• _Records from a dataset_:
******************************
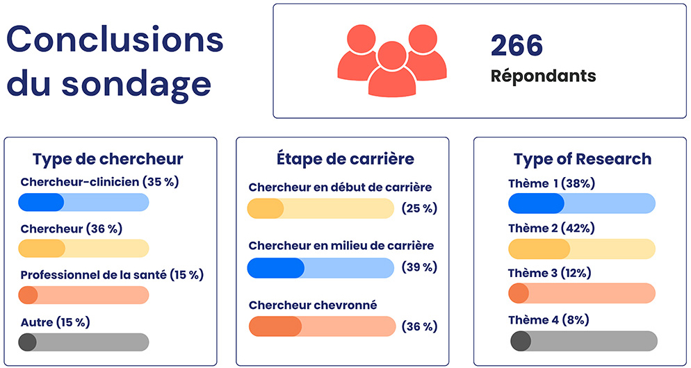 En outre, l'ISCR a mené un sondage en ligne afin de mieux connaître les lacunes en recherche et définir les nouvelles priorités en conséquence. Parmi les répondants (266 en tout) figuraient entre autres des membres du milieu de la recherche et des professionnels de la santé, qui représentaient un large éventail de disciplines et d'étape de carrière.
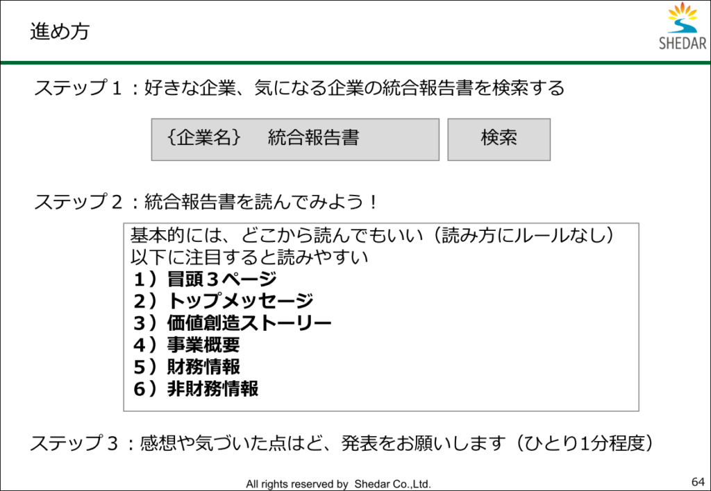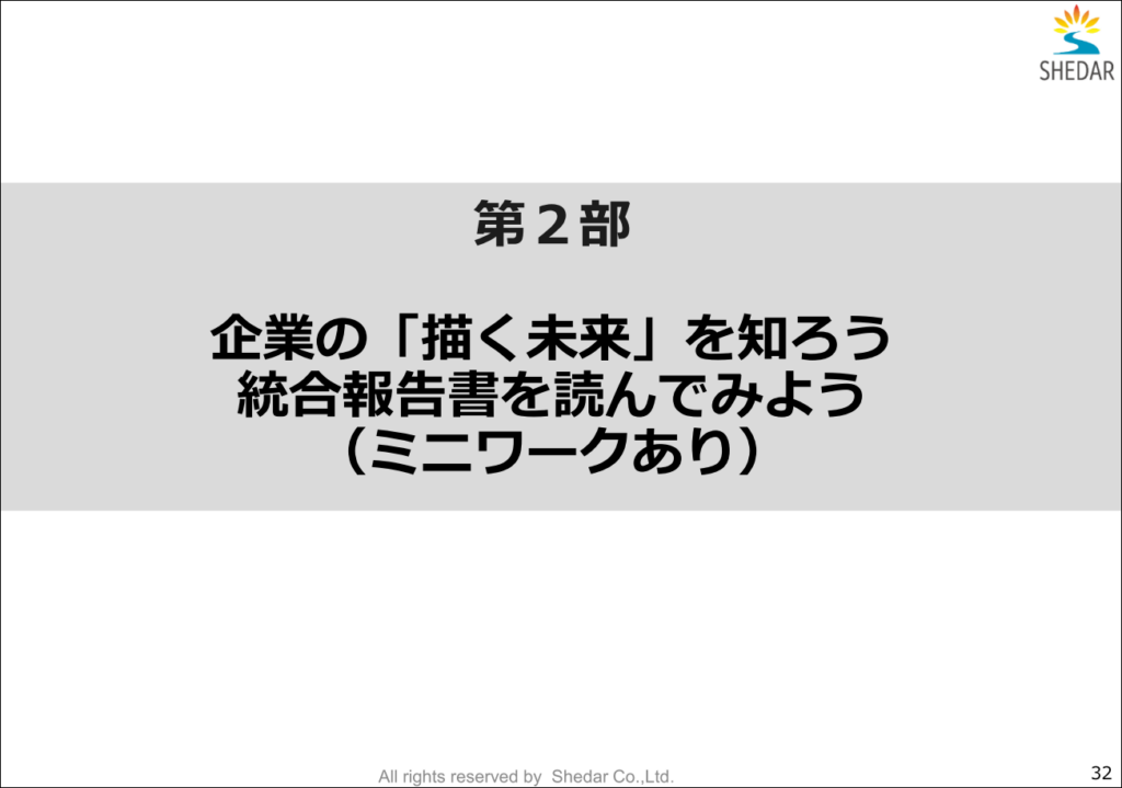 | 内容 | 1:株式会社シェダルの紹介とサステナビリティ 2:企業の描く未来を知ろう ~統合報告書を読んでみよう~ (ミニワーク) 3:質疑応答 |
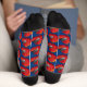 Stylish dark blue socks printed all over with red motorcyclist crash helmets. The perfect gift to motorcyclists and bikers
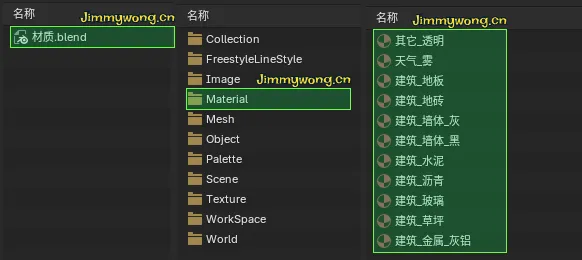 点击【关链】选择任意的一个【.blend】文件,就会弹出这个文件的列表内容,材质,集合,贴图等等,均可以【关链】关系起来,而在这里,我们将材质贴图,作为一个独立的文件来进行管理,这样所有需要质材的地方我们都能通过这个接口文件来进行统一管理修改调整,避免不必要的引用混乱。
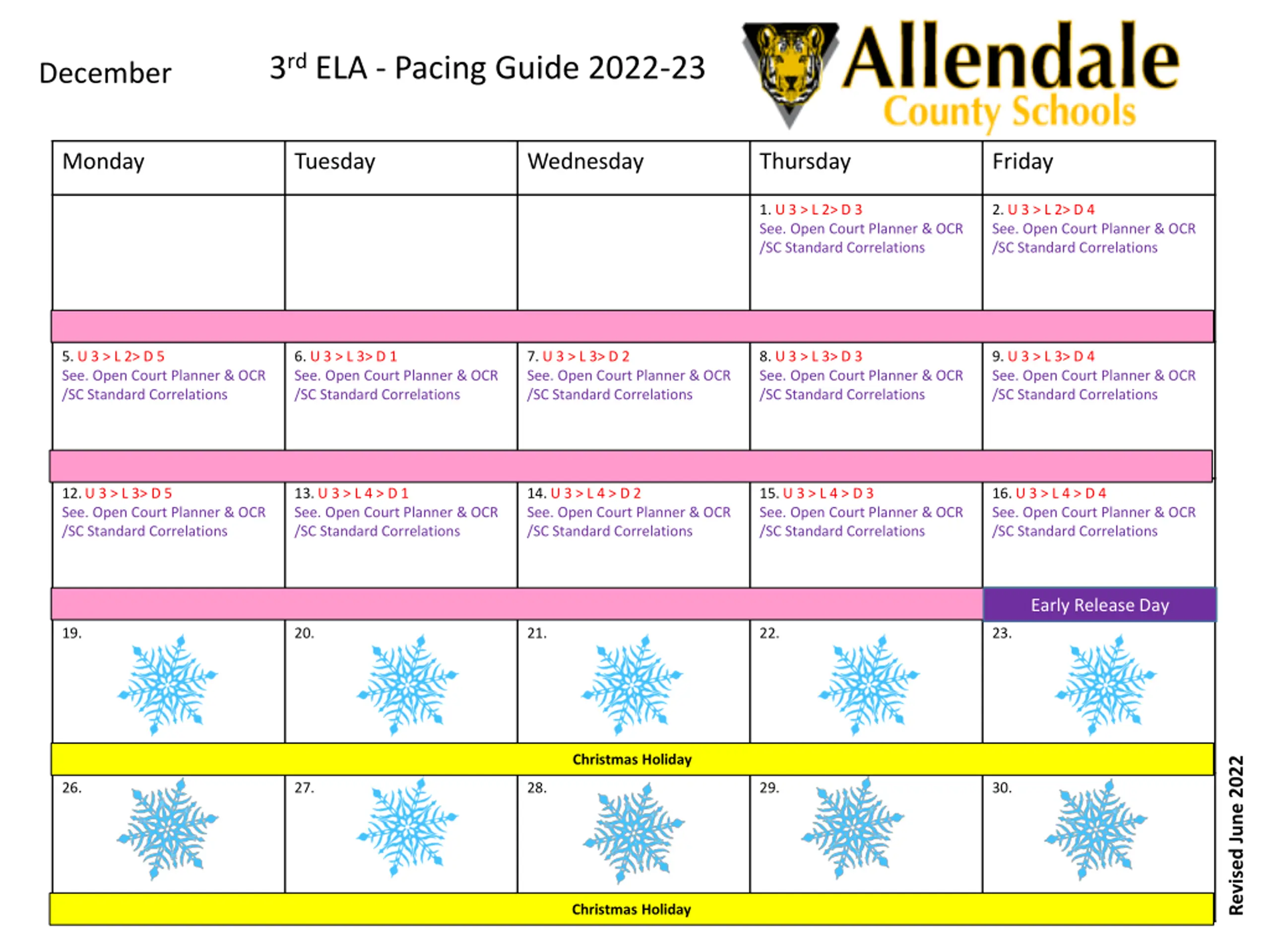 3rd ELA - Pacing Guide 2022-23 December Monday Tuesday Wednesday Thursday Friday 1. U 3 > L 2> D 3 See. Open Court Planner & OCR /SC Standard Correlations 2. U 3 > L 2> D 4 See. Open Court Planner & OCR /SC Standard Correlations 5. U 3 > L 2> D 5 See. Open Court Planner & OCR /SC Standard Correlations 6. U 3 > L 3> D 1 See. Open Court Planner & OCR /SC Standard Correlations 7. U 3 > L 3> D 2 See. Open Court Planner & OCR /SC Standard Correlations 8. U 3 > L 3> D 3 See. Open Court Planner & OCR /SC Standard Correlations 9. U 3 > L 3> D 4 See. Open Court Planner & OCR /SC Standard Correlations 12.U 3 > L 3> D 5 See. Open Court Planner & OCR /SC Standard Correlations 13. U 3 > L 4 > D 1 See. Open Court Planner & OCR /SC Standard Correlations 14. U 3 > L 4 > D 2 See. Open Court Planner & OCR /SC Standard Correlations 15. U 3 > L 4 > D 3 See. Open Court Planner & OCR /SC Standard Correlations 16. U 3 > L 4 > D 4 See. Open Court Planner & OCR /SC Standard Correlations Early Release Day 19. 20. 21. 22. 23. Christmas Holiday Revised June 2022 26. 27. 28. 29. 30. Christmas Holiday
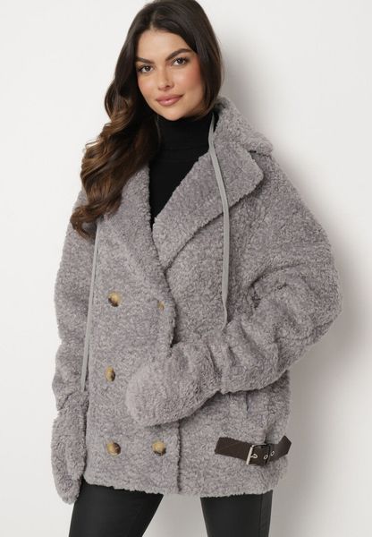 Szara Futrzana Kurtka Płaszcz Dwurzędowy z Dołączonymi Rękawiczkami Hetista
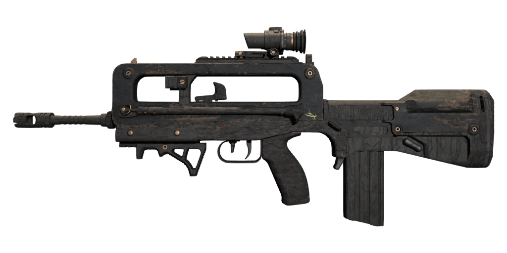 - "A 3 round burst bullpup assault rifle. A well placed burst can be extremely deadly at intermittent ranges."
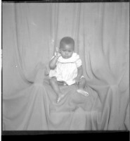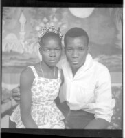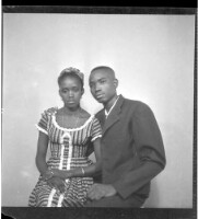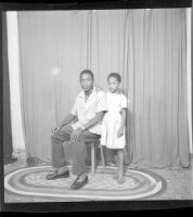 Full shot of two people standing, on the right a woman wearing a camisole and black and white pagne and headscarf and necklace next to a little girl wearing a dress and headscarf in the studio.
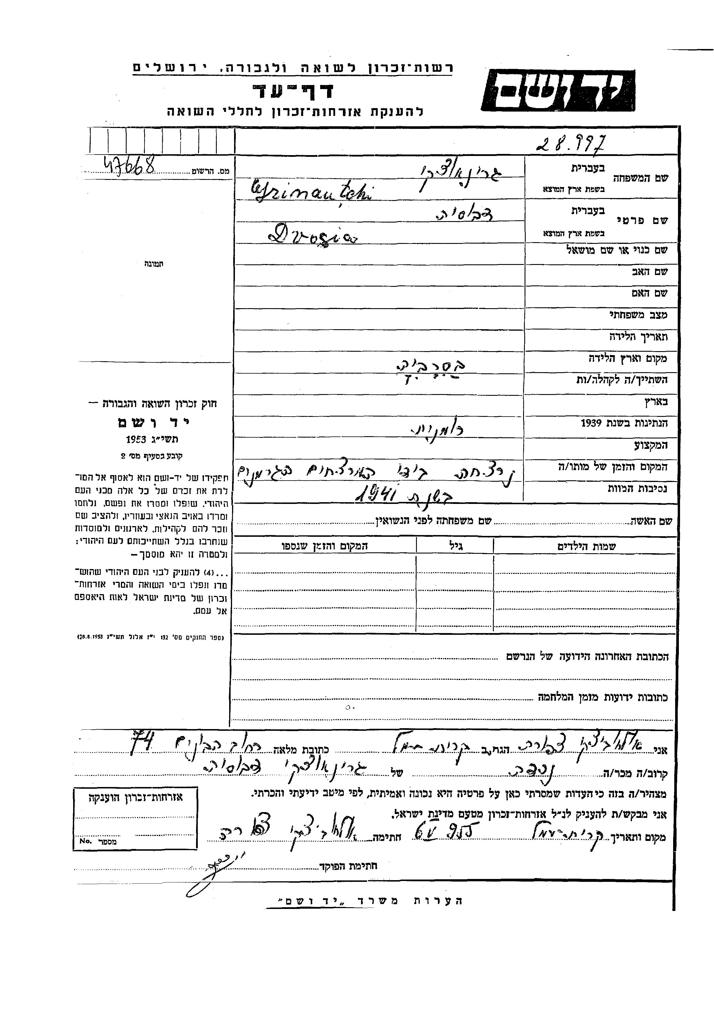 Suche nach einem Todesjahr im Zeitraum der Holocaust: 1933 bis 1945. Bitte wählen Sie 'Exakt' im Auswahlmenü, um nur nach einem einzelnen Jahr zu suchen, alternativ können Sie die flexibleren Optionen '+/- 2 Jahre' oder '+/- 5 Jahre' wählen.
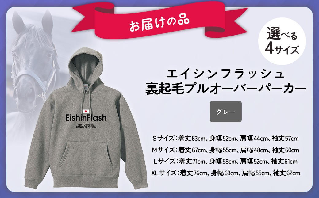 【エイシンフラッシュ】(グレー)プルオーバーパーカー裏起毛 選べる4サイズ【S・М・L・XL】【ふるさと納税 人気 おすすめ ランキング 馬 競馬 競走馬 引退馬 エイシンフラッシュ 日高 北海道 平取町 送料無料】 BRTV027-v
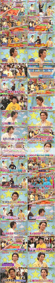 翔才剛踏上台子呢,根本沒玩到。不過看到他對著雅紀那樣笑好可愛啊!!方向完全就是對準了雅紀哦!土田桑吐槽說世良桑的臉立刻失去笑容瞬間好好笑。NINO說至少大家都碰到了COIN啊。翔『我還沒有啊。』雅紀『那現在來疊吧。』哈哈哈哈!!於是全部人看著翔好好的擺了三個COINS上完全沒有移動的台子。成功!亞達!!哈哈哈哈!!翔『真是浪費時間啊。』哈哈哈!不過看你自己都笑那麼可愛,嘛嘛~~時間一點也不浪費喲。
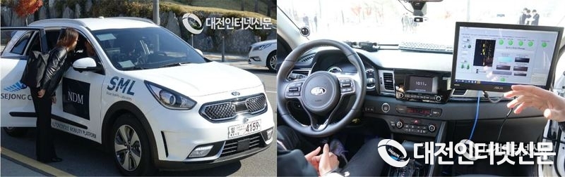 자율협력주행 스마트인프라(C-ITS) 국토부 제공사진은 18년 10월 세종시에서 개최된 자율주행차량 시승식과 자율주행차 내부 모습. [사진-대전인터넷신문 자료]
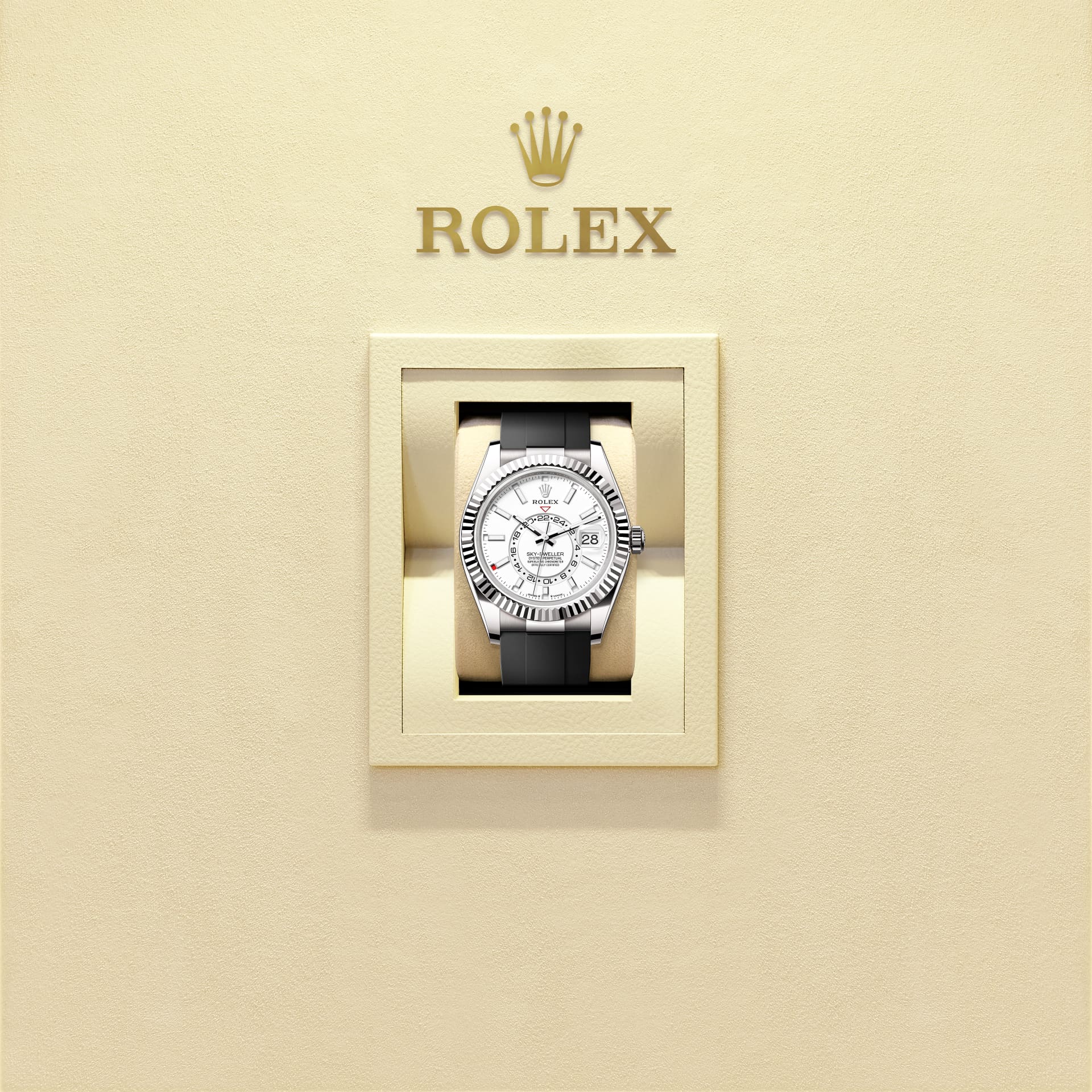 Oyster Perpetual Sky-Dweller em ouro branco 18 quilates com mostrador branco intenso e pulseira Oysterflex.
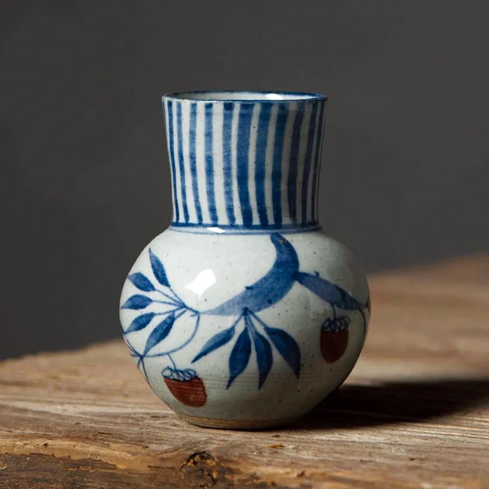 这款青花复古小花瓶不就是小时候看奶奶放鸡毛掸子的罐子吗!如今拾上几支小花插上,置于茶桌窗前、壁下,意趣盎然。
******************************
• _EXERCISE OBJECTIVE_: Beginning with the line that holds "3 round burst", return each line through the end of the records above exactly. Do not include pictures.

• _RESPONSE AREA_:
 - "A 3 round burst bullpup assault rifle. A well placed burst can be extremely deadly at intermittent ranges."
 Full shot of two people standing, on the right a woman wearing a camisole and black and white pagne and headscarf and necklace next to a little girl wearing a dress and headscarf in the studio.
 Suche nach einem Todesjahr im Zeitraum der Holocaust: 1933 bis 1945. Bitte wählen Sie 'Exakt' im Auswahlmenü, um nur nach einem einzelnen Jahr zu suchen, alternativ können Sie die flexibleren Optionen '+/- 2 Jahre' oder '+/- 5 Jahre' wählen.
 【エイシンフラッシュ】(グレー)プルオーバーパーカー裏起毛 選べる4サイズ【S・М・L・XL】【ふるさと納税 人気 おすすめ ランキング 馬 競馬 競走馬 引退馬 エイシンフラッシュ 日高 北海道 平取町 送料無料】 BRTV027-v
 翔才剛踏上台子呢,根本沒玩到。不過看到他對著雅紀那樣笑好可愛啊!!方向完全就是對準了雅紀哦!土田桑吐槽說世良桑的臉立刻失去笑容瞬間好好笑。NINO說至少大家都碰到了COIN啊。翔『我還沒有啊。』雅紀『那現在來疊吧。』哈哈哈哈!!於是全部人看著翔好好的擺了三個COINS上完全沒有移動的台子。成功!亞達!!哈哈哈哈!!翔『真是浪費時間啊。』哈哈哈!不過看你自己都笑那麼可愛,嘛嘛~~時間一點也不浪費喲。
 자율협력주행 스마트인프라(C-ITS) 국토부 제공사진은 18년 10월 세종시에서 개최된 자율주행차량 시승식과 자율주행차 내부 모습. [사진-대전인터넷신문 자료]
 Oyster Perpetual Sky-Dweller em ouro branco 18 quilates com mostrador branco intenso e pulseira Oysterflex.
 这款青花复古小花瓶不就是小时候看奶奶放鸡毛掸子的罐子吗!如今拾上几支小花插上,置于茶桌窗前、壁下,意趣盎然。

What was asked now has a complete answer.